Given the records below, the lines starting at the line with "整体延续「少不入川」的绿色主题,军绿鞋面搭配橙色细节点缀,视觉上层次感很强。" and ending at the line with "Rio Grande lumber" should be output exactly, both end lines kept and pictures left out.

**ENTRIES SUPPLIED**
= Beginning of Section =
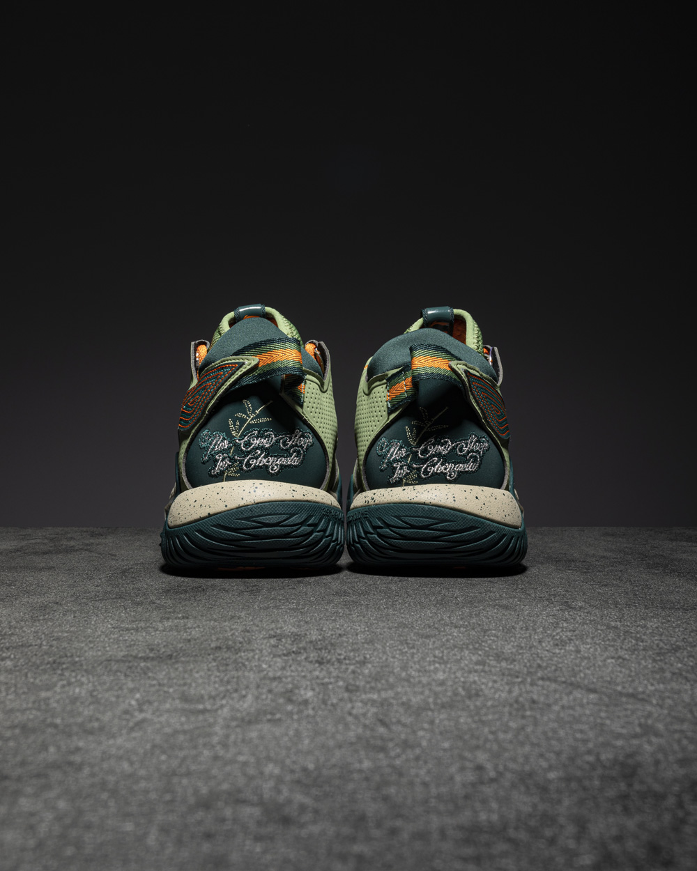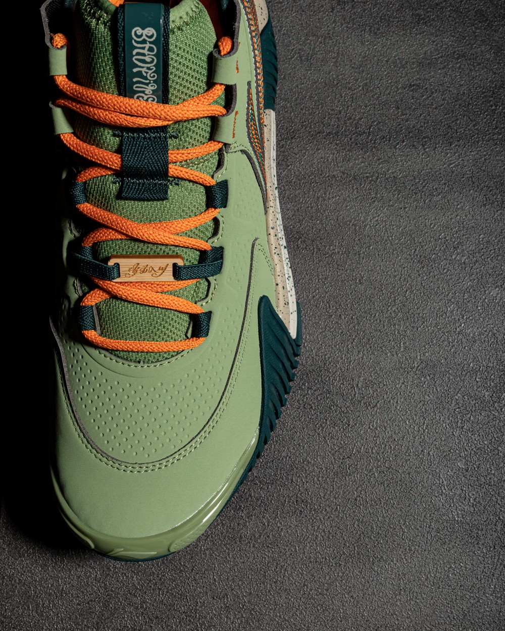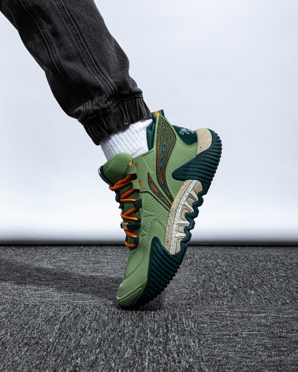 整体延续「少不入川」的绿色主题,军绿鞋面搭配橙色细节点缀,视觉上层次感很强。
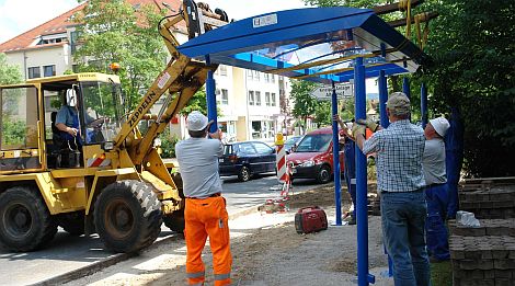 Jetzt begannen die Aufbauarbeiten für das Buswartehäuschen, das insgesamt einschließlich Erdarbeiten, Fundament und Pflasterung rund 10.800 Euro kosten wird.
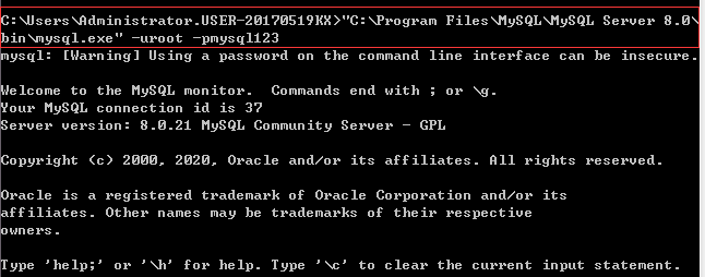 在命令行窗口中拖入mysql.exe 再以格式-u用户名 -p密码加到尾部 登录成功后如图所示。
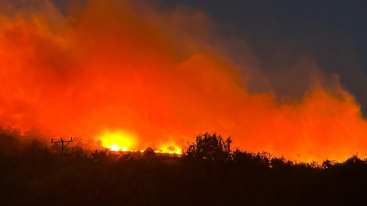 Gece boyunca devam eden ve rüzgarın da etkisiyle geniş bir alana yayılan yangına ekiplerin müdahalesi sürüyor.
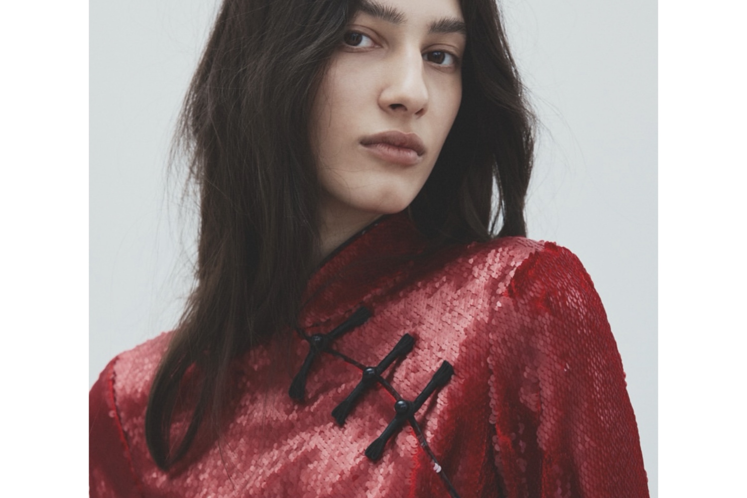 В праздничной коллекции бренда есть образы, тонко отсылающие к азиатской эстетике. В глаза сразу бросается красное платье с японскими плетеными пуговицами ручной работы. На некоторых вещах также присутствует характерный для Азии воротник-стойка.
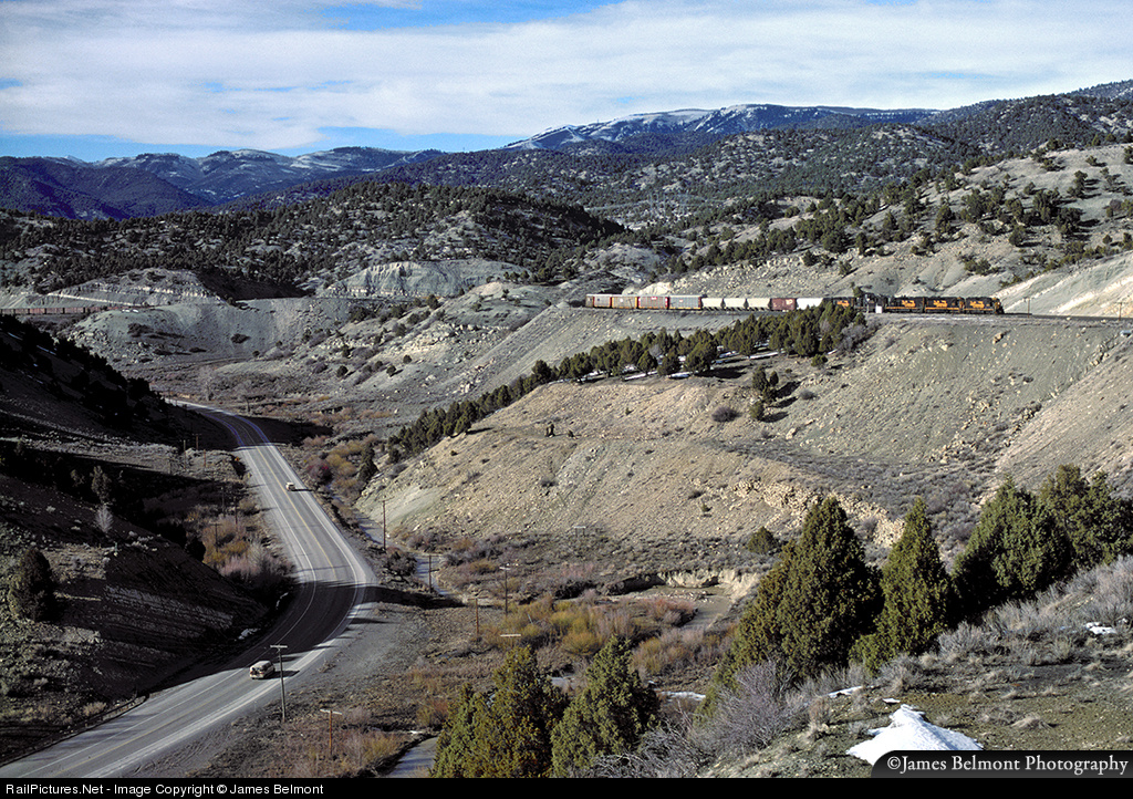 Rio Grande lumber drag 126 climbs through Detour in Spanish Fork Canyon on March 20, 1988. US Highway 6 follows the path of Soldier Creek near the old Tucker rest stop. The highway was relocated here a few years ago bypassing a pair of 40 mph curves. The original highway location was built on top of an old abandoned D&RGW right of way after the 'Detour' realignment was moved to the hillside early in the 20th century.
= End of Section =
= Beginning of Section =
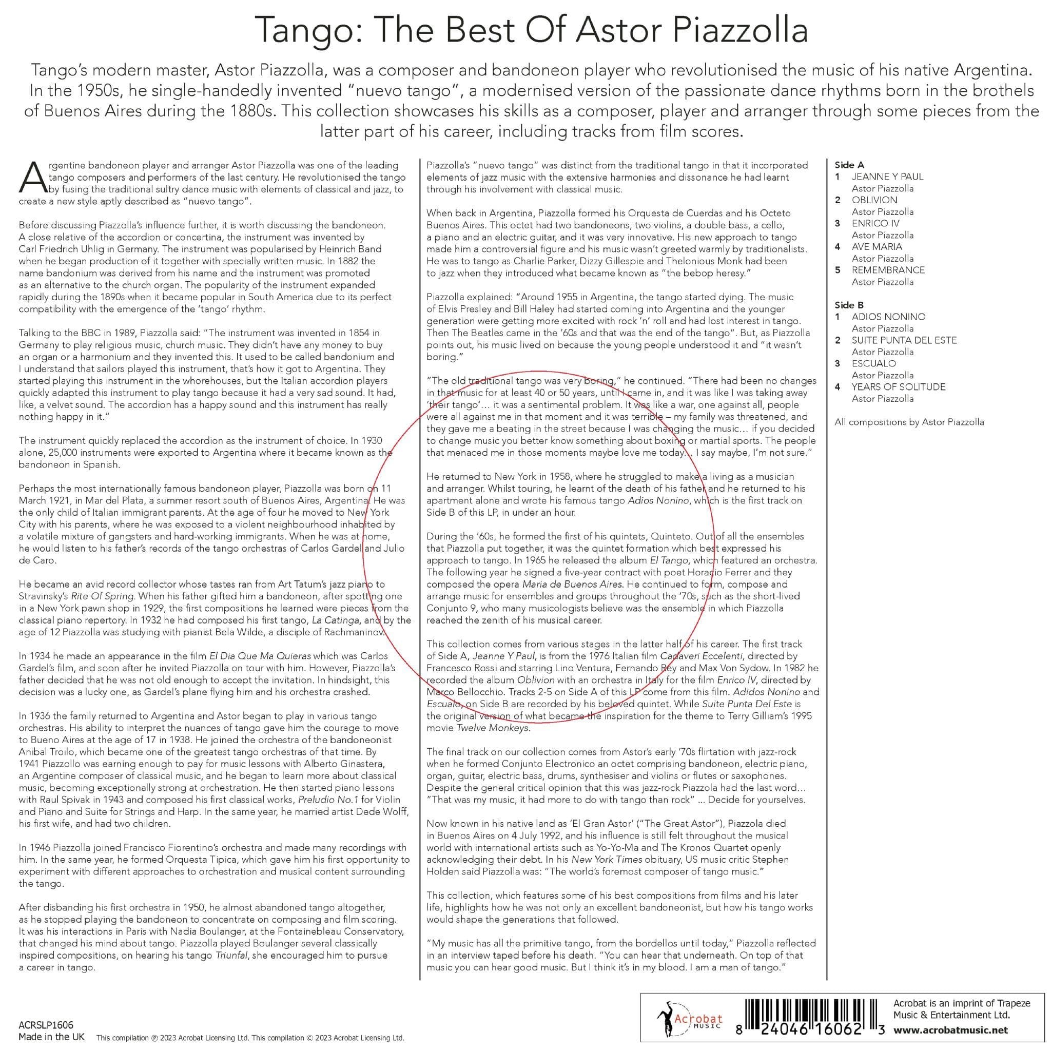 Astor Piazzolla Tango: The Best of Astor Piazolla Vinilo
= End of Section =
**OUTPUT**
 整体延续「少不入川」的绿色主题,军绿鞋面搭配橙色细节点缀,视觉上层次感很强。
 Jetzt begannen die Aufbauarbeiten für das Buswartehäuschen, das insgesamt einschließlich Erdarbeiten, Fundament und Pflasterung rund 10.800 Euro kosten wird.
 在命令行窗口中拖入mysql.exe 再以格式-u用户名 -p密码加到尾部 登录成功后如图所示。
 Gece boyunca devam eden ve rüzgarın da etkisiyle geniş bir alana yayılan yangına ekiplerin müdahalesi sürüyor.
 В праздничной коллекции бренда есть образы, тонко отсылающие к азиатской эстетике. В глаза сразу бросается красное платье с японскими плетеными пуговицами ручной работы. На некоторых вещах также присутствует характерный для Азии воротник-стойка.
 Rio Grande lumber drag 126 climbs through Detour in Spanish Fork Canyon on March 20, 1988. US Highway 6 follows the path of Soldier Creek near the old Tucker rest stop. The highway was relocated here a few years ago bypassing a pair of 40 mph curves. The original highway location was built on top of an old abandoned D&RGW right of way after the 'Detour' realignment was moved to the hillside early in the 20th century.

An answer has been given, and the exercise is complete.